Exercise description
In full and without changes, output the data.

The records START

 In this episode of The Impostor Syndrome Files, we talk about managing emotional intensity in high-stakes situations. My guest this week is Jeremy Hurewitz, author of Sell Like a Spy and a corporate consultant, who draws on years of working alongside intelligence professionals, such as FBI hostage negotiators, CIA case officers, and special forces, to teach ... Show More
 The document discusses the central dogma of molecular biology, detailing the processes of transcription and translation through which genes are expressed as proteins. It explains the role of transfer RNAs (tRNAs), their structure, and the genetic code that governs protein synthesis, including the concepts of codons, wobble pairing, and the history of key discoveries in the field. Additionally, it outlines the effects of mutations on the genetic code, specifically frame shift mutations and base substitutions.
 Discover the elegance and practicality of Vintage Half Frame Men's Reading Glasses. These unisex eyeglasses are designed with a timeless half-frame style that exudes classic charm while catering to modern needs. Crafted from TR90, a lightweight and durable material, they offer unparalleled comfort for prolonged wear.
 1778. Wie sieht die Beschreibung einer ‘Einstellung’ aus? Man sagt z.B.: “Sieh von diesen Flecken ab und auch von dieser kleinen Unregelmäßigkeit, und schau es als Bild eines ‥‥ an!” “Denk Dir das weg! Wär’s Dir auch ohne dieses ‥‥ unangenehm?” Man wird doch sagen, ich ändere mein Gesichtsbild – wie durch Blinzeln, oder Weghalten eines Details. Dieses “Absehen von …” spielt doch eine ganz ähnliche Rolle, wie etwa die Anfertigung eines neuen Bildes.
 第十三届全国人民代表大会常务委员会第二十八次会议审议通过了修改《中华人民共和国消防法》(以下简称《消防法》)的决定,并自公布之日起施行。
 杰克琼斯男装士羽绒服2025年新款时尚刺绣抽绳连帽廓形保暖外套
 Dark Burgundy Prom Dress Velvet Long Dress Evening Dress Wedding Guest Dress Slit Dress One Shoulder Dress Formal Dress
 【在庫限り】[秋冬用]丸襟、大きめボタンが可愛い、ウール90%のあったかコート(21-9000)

The records END

Result of this exercise
 In this episode of The Impostor Syndrome Files, we talk about managing emotional intensity in high-stakes situations. My guest this week is Jeremy Hurewitz, author of Sell Like a Spy and a corporate consultant, who draws on years of working alongside intelligence professionals, such as FBI hostage negotiators, CIA case officers, and special forces, to teach ... Show More
 The document discusses the central dogma of molecular biology, detailing the processes of transcription and translation through which genes are expressed as proteins. It explains the role of transfer RNAs (tRNAs), their structure, and the genetic code that governs protein synthesis, including the concepts of codons, wobble pairing, and the history of key discoveries in the field. Additionally, it outlines the effects of mutations on the genetic code, specifically frame shift mutations and base substitutions.
 Discover the elegance and practicality of Vintage Half Frame Men's Reading Glasses. These unisex eyeglasses are designed with a timeless half-frame style that exudes classic charm while catering to modern needs. Crafted from TR90, a lightweight and durable material, they offer unparalleled comfort for prolonged wear.
 1778. Wie sieht die Beschreibung einer ‘Einstellung’ aus? Man sagt z.B.: “Sieh von diesen Flecken ab und auch von dieser kleinen Unregelmäßigkeit, und schau es als Bild eines ‥‥ an!” “Denk Dir das weg! Wär’s Dir auch ohne dieses ‥‥ unangenehm?” Man wird doch sagen, ich ändere mein Gesichtsbild – wie durch Blinzeln, oder Weghalten eines Details. Dieses “Absehen von …” spielt doch eine ganz ähnliche Rolle, wie etwa die Anfertigung eines neuen Bildes.
 第十三届全国人民代表大会常务委员会第二十八次会议审议通过了修改《中华人民共和国消防法》(以下简称《消防法》)的决定,并自公布之日起施行。
 杰克琼斯男装士羽绒服2025年新款时尚刺绣抽绳连帽廓形保暖外套
 Dark Burgundy Prom Dress Velvet Long Dress Evening Dress Wedding Guest Dress Slit Dress One Shoulder Dress Formal Dress
 【在庫限り】[秋冬用]丸襟、大きめボタンが可愛い、ウール90%のあったかコート(21-9000)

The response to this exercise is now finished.